Zailckas admits that if booze hadn't been her poison, she could well have whiled away her coltish years cutting or starving herself. She can't put her finger on how hours spent rolling kegs into woods would have been put to better use had she been a teetotaler. But Zailckas still cleaves to the belief that had she not stepped from sobriety's path so early, she would be a better-formed adult today.
She writes in her present, sober voice, "Nine years after I took my first drink, it occurs to me that I haven't grown up ... I should be able to hear my own unwavering voice rise in public without feeling my heart flutter like it's trying to take flight ... I should be able to stop self-censoring and smile when I feel like it. I should recognize happiness when I feel it expand in my gut." About Matt, whom she dates long-distance for a year, she writes: "Another girl might have learned to do this in high school: roosting on the kitchen counter or the fire escape with the phone cradled against one shoulder, soaking up stories, and learning that not all silences are bad."

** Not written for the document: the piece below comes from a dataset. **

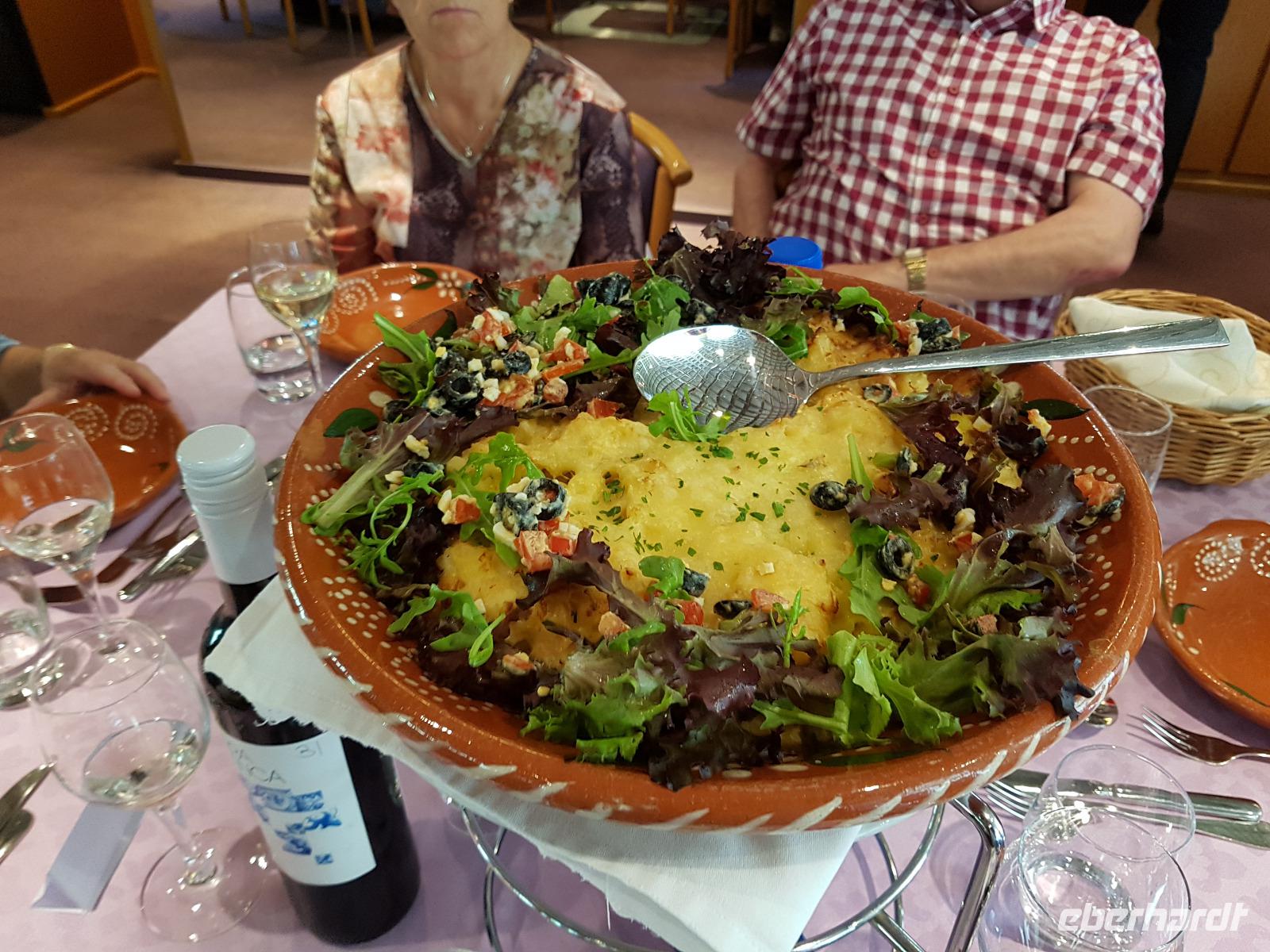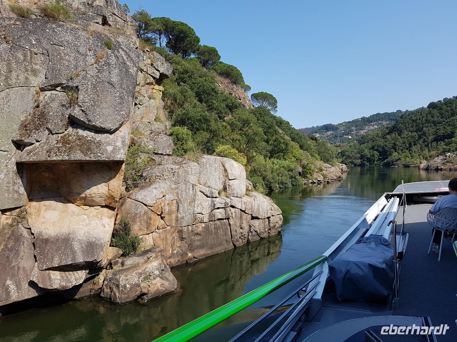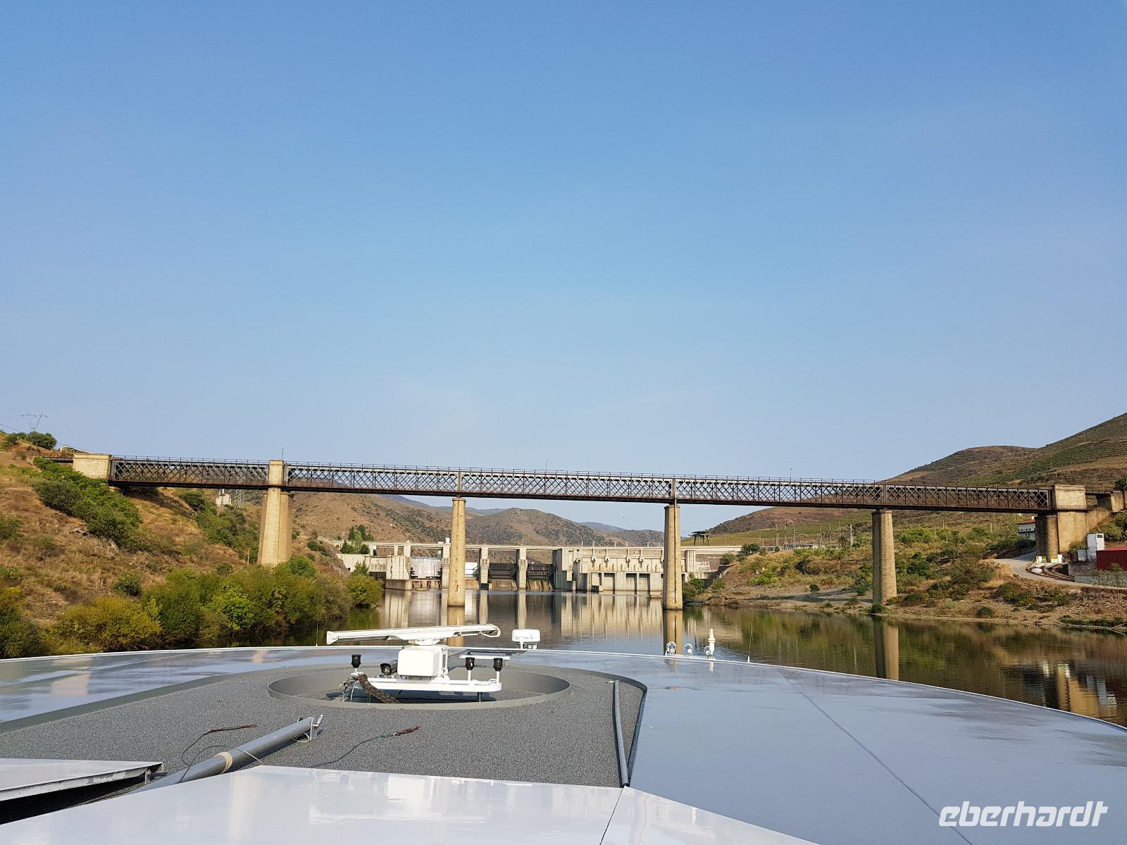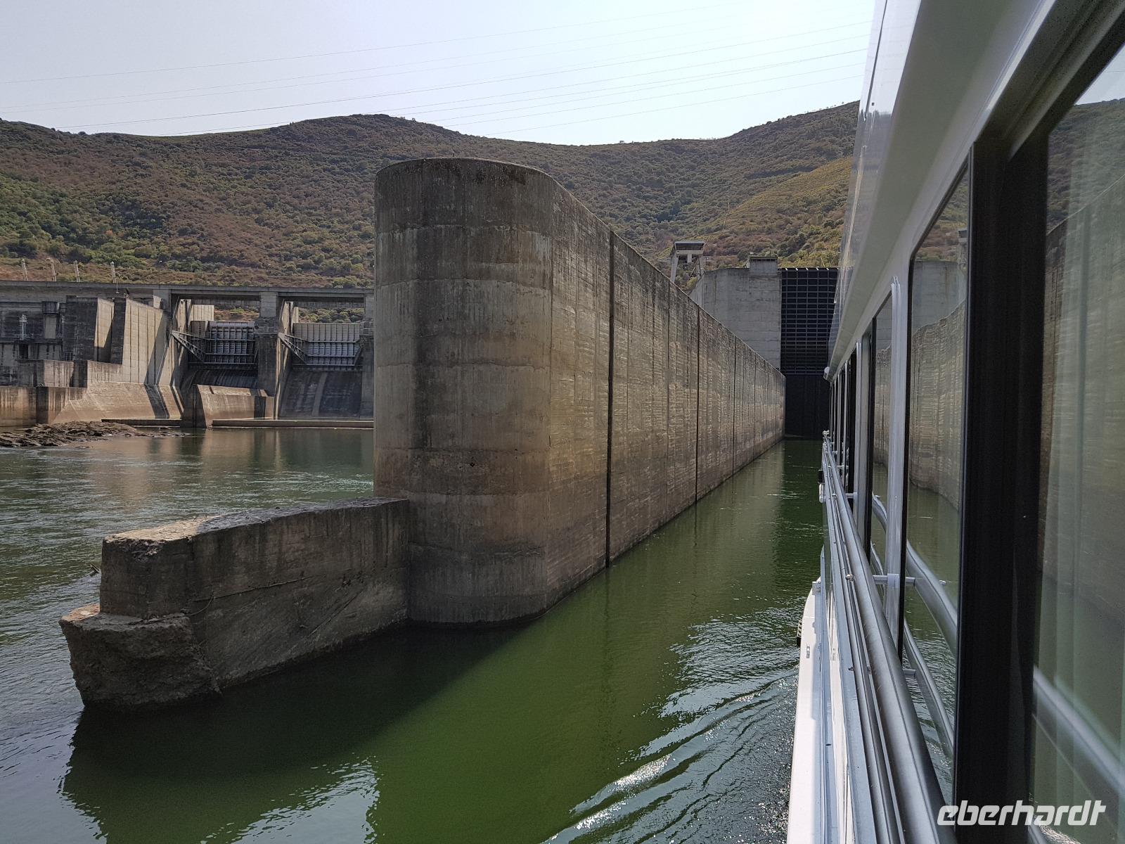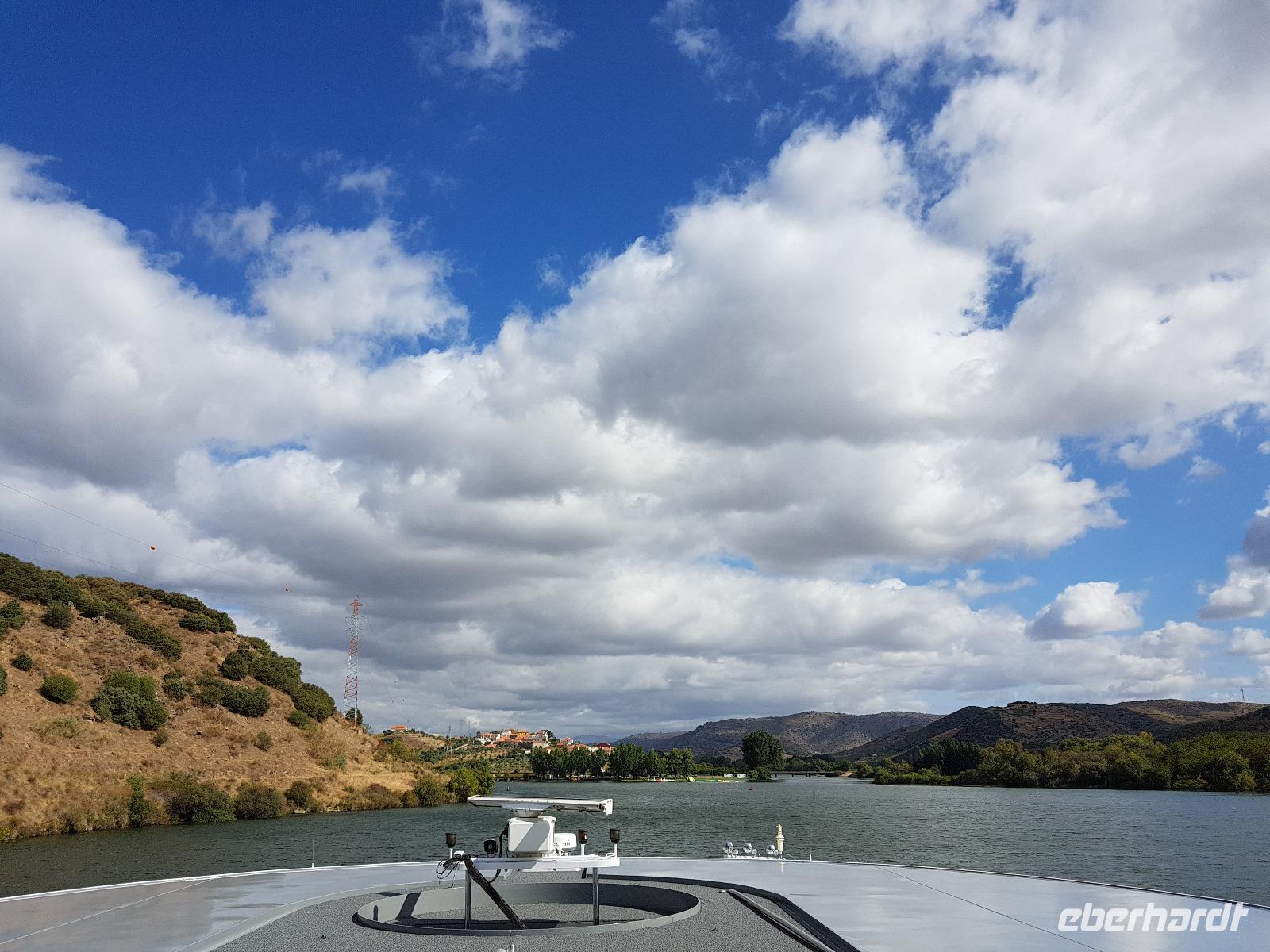 Weiter fuhren wir mit dem Bus nach Vila Real und dort lud man uns in ein Cafe ein, um die regionale Spezialität "Hahnenkamm" mit einem Kaffee zu probieren. In der Freizeit besuchten wir die Kathedrale und eine kleine barocke Kirche und hatten Gelegenheit, einzukaufen. Auf der Rückreise kamen wir in Vila Real bei der schwarzen Töpferei vorbei, das neueste Objekt mit UNESCO Welttitel in der Region. Unser Schiff war in der Zwischenzeit weiter gefahren und so gingen wir in Vega de Terron wieder an Bord. Heute war portugisischer Tag, der Speisesaal mit der Fahne geschmückt und das Personal servierte uns Spezialitäten aus ihrer Heimat. Nach dem Mittagessen folgten noch 2 Staudämme mit Schleusen und die Crew war bemüht, die Gäste mit Quizzspielen und Animation in der Bar zu unterhalten. Nach dem Abendessen trafen wir uns alle in der Bar und bestaunten bei der Crew Show die Talente der Kellner, Matrosen, der Zahlmeisterin usw. Unser Schiff hatte die portugisisch-spanische Grenze erreicht und lag über Nacht in Spanien.

Well, not necessarily. And if another girl had learned how to roost and cradle, she might not have learned how to write a delicate chronicle of her experiences. It is wishful thinking that one wrong turn or bad habit can keep us from being the self-confident, sexually mature, productive young women we believe we could have been. I don't think that too many screwdrivers are too blame for Zailckas' inability to maintain a steady voice or recognize her own happiness.
But in her tale there lies a larger pattern. Throughout "Smashed," Zailckas periodically lays off the hooch, then starts drinking again. It's a favorite syndrome for women. We quit eating, quit drinking, quit smoking. We quit talking to toxic friends, quit being sluts, quit being prudes. There is power in self-abnegation, deprivation, in foot-stamping "Nos!" But we're always falling off our wagons: drinking too much and loving immoderately, handing control to people and substances that make us feel bad about ourselves, until once again, we clamp down and punish ourselves for having given in. It's a cycle that marks and damages almost all of us, whatever our chosen poison.
Booze happens to be the skeleton on which Zailckas has hung her narrative. She insists it wasn't just a convenient way to sell her book, and I believe her. But if you boiled the alcohol off of "Smashed," you would have a story of a girl struggling with the fact that she feels terrible about herself and her place in the world. The oldest story there is.